Biélorussie : une dictature légitimée par un vote truqué

Biélorussie – Le président sortant Alexandre Loukaschenko a été reconduit dimanche dernier dans ses fonctions grâce à un scrutin défiant toutes les lois de la démocratie.  Le résultat « à la Stalinienne » (près de 90% des voix) confirme que la Biélorussie demeure un musée du soviétisme à ciel ouvert où se perpétuent des méthodes dignes des pires dictatures.  Arrestations et incarcérations sont le lot quotidien de tous ceux qui osent se dresser pacifiquement sur son passage  et c’est grâce à ces agissements qu’il est parvenu à se faire réélire pour la sixième fois depuis 1994.  Mais il n’est toutefois par certain qu’il puisse se maintenir  au pouvoir, car jamais son système de clans et de prébende n’a été autant contesté et ce, par le truchement de femmes courageuses qui ont eu l’idée géniale de se substituer à leurs conjoints, emprisonnés ou contraints à l’exil, pour relayer leurs discours.  Ces passionarias des temps modernes dans un pays moyenâgeux sont parvenues à réveiller les consciences biélorusses et si elles n’ont pas été reconnues à leur juste valeur par les mouvements féministes c’est parce qu’elles allaient au-delà  du harcèlement sexuel et des violences conjugales pour s’atteler à lutte contre la corruption, les entraves aux Droits de l’Homme et à la moralité tout court, trois combats qui transcendent les âges et les sexes et concernent directement tous les citoyens.

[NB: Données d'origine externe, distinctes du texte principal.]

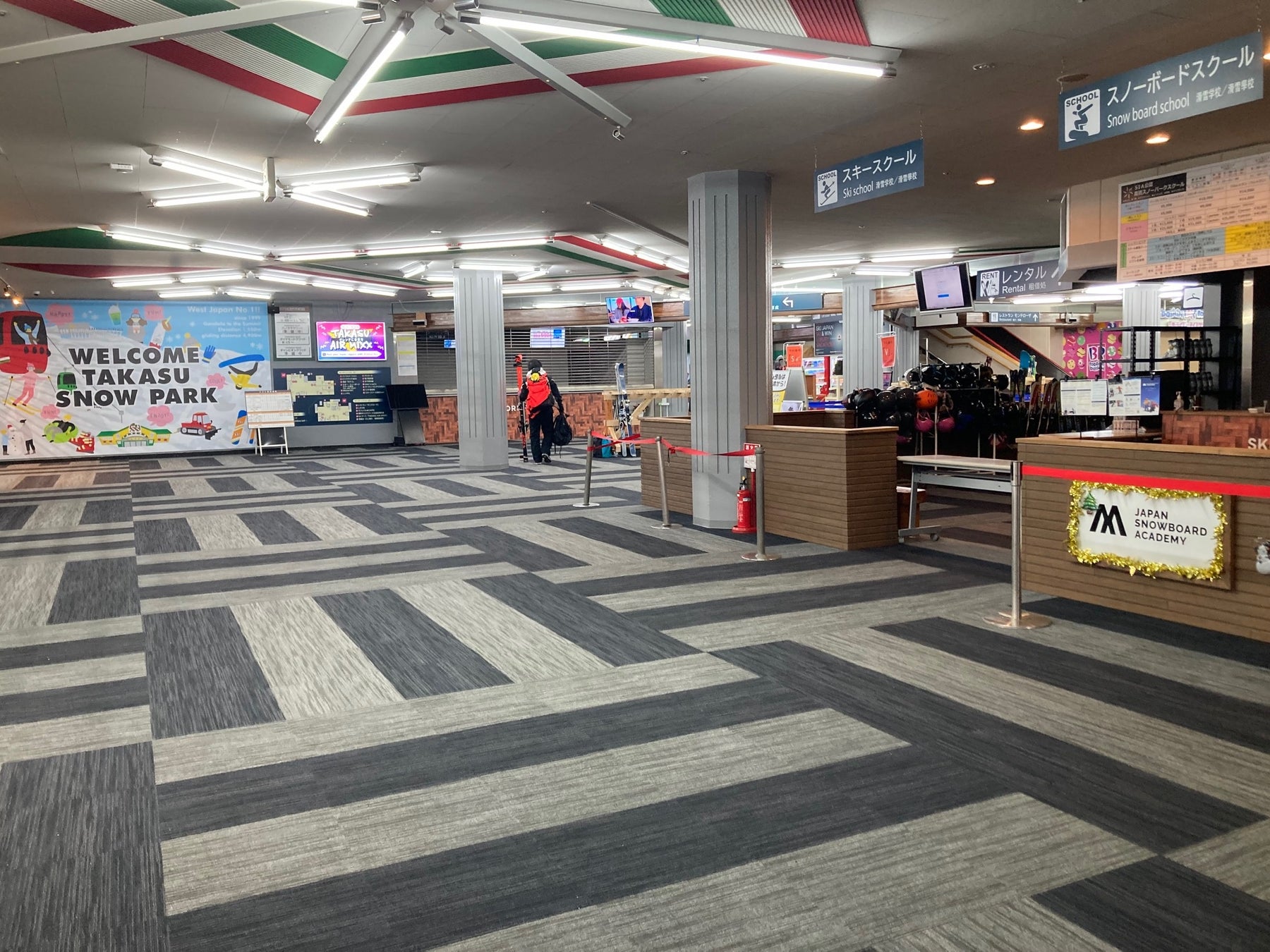 高鷲スノーパークは昨シーズンセンターハウス1階を改装いたしました。レンタル、スクール受付、更衣室、インフォメーションカウンターなどを一新し、またデジタルサイネージによるご案内を各所に配置し、お客様の快適性をアップさせました。
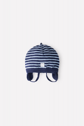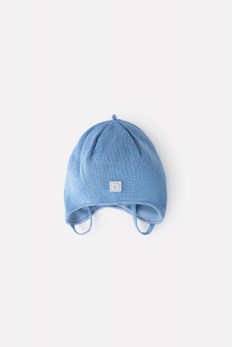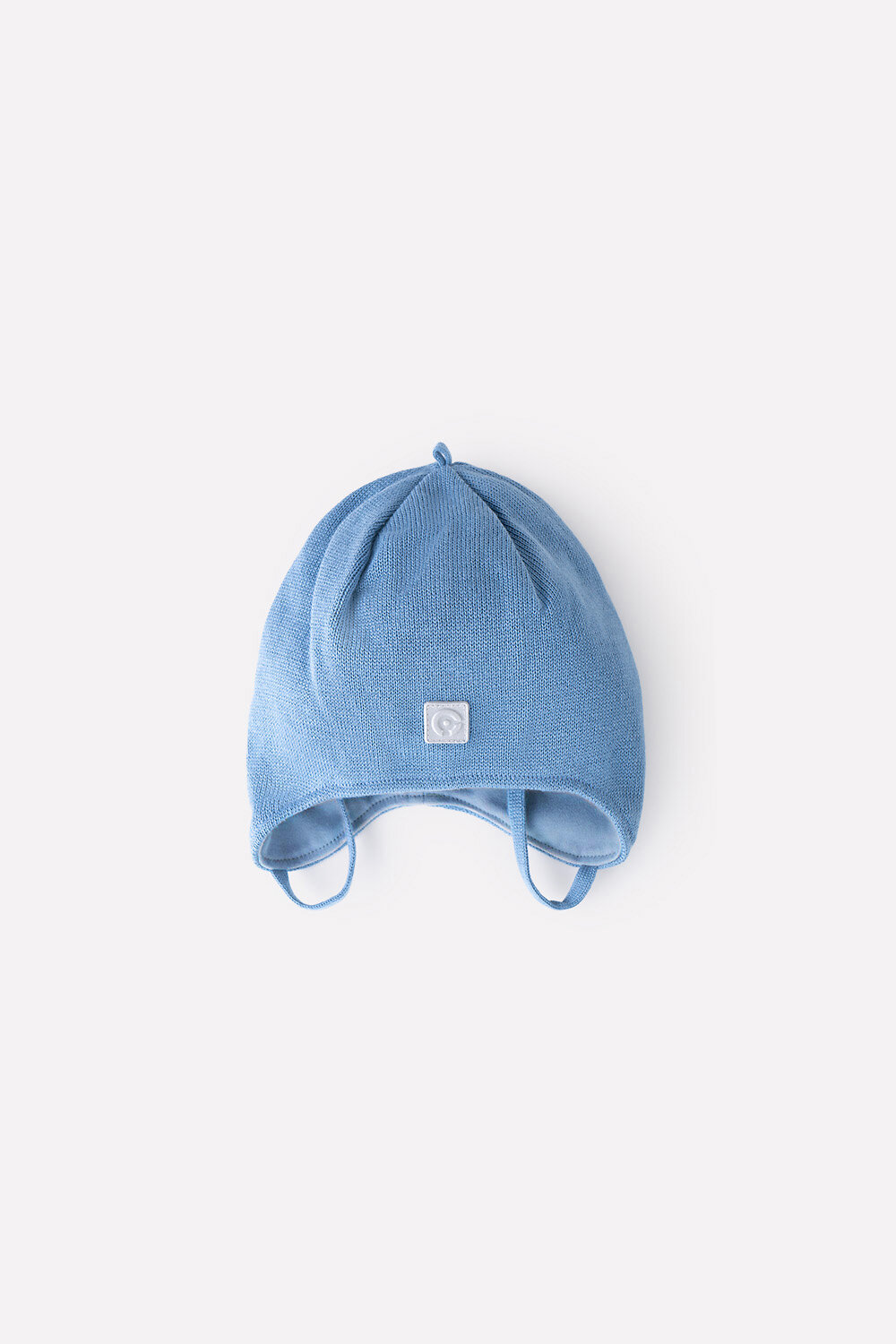 Шапка из хлопковой пряжи на завязках с мягким трикотажным подкладом из интерлока. Связана гладью. На передней части шапочки пришит светоотражатель. На макушке рулик.

Macho, facho et « faisandé »

Alexandre Loukachenko, aussi machiste que fasciste, ne les a jamais prises au sérieux en prétendant haut et fort que les Biélorusses étaient « beaucoup trop  intelligents pour donner le pouvoir à des femmes ! »  Ce fut sa première erreur et peut-être celle qui contribuera à ce qu’il ne puisse pas achever son sixième mandat.   En effet, chacun sait, dans les villes et les campagnes biélorusses que le score officiellement obtenu par Svetlana Tikhanovskaya, épouse de Sergei Tikhanovsky , emprisonné quelques jours après avoir annoncé sa candidature, ne correspond en rien à la réalité. Officiellement, elle n’aurait mobilisé que 8,8% des inscrits. Dans toutes les régions où les sondages la donnaient vainqueur les forces de police et de l’armée sont venues perturber le vote, n’hésitant pas, si nécessaire, à saisir les bulletins imprimés en son nom.  « Je crois ce que je vois de mes  propres yeux et je vois que la majorité est derrière nous » a immédiatement déclaré   Svetlana Tikhanovskaya, devenue en quelques semaines  une héroïne non pas seulement pour avoir su affronter un « dictateur faisandé » pour reprendre l’expression fort imagée de Wolfgang Braun, rédacteur en chef-adjoint des OÖ Nachrichten autrichiennes,  mais pour avoir annoncé qu’en cas de miraculeuse victoire, sa première mesure consisterait à démissionner pour organiser aussitôt des élections dignes de ce nom.  Pour la première fois dans  le règne autoritaire de Loukaschenko, les opposants ont eu le courage de descendre dans les rues pour dénoncer le truquage des élections. Malgré la fermeture des tuyaux d’Internet, décrétée par le candidat sortant et appliquée par ses sbires, des vidéos ont filtré sur les réseaux sociaux et on a pu voir ce qui semblait inimaginable avant le jour J, en l’occurrence des milliers de manifestants investissant la rue face à presqu’autant de forces de police utilisant grenades et gaz lacrymogènes pour avoir raison des rebelles.  Ces scènes ont rappelé aux plus anciens, également de la partie, ces images prises en 1956 à Budapest ou en 1968 à Prague. Il ne manquait que les chars russes pour revivre les pires moments de la guerre froide, de quoi susciter l’indignation de tous ces experts et observateurs qui auraient dû être sur les lieux pour veiller à la régularité des élections mais n’y étaient pas à cause, soit-disant,  du coronavirus.

Le prélude à une profonde crise ?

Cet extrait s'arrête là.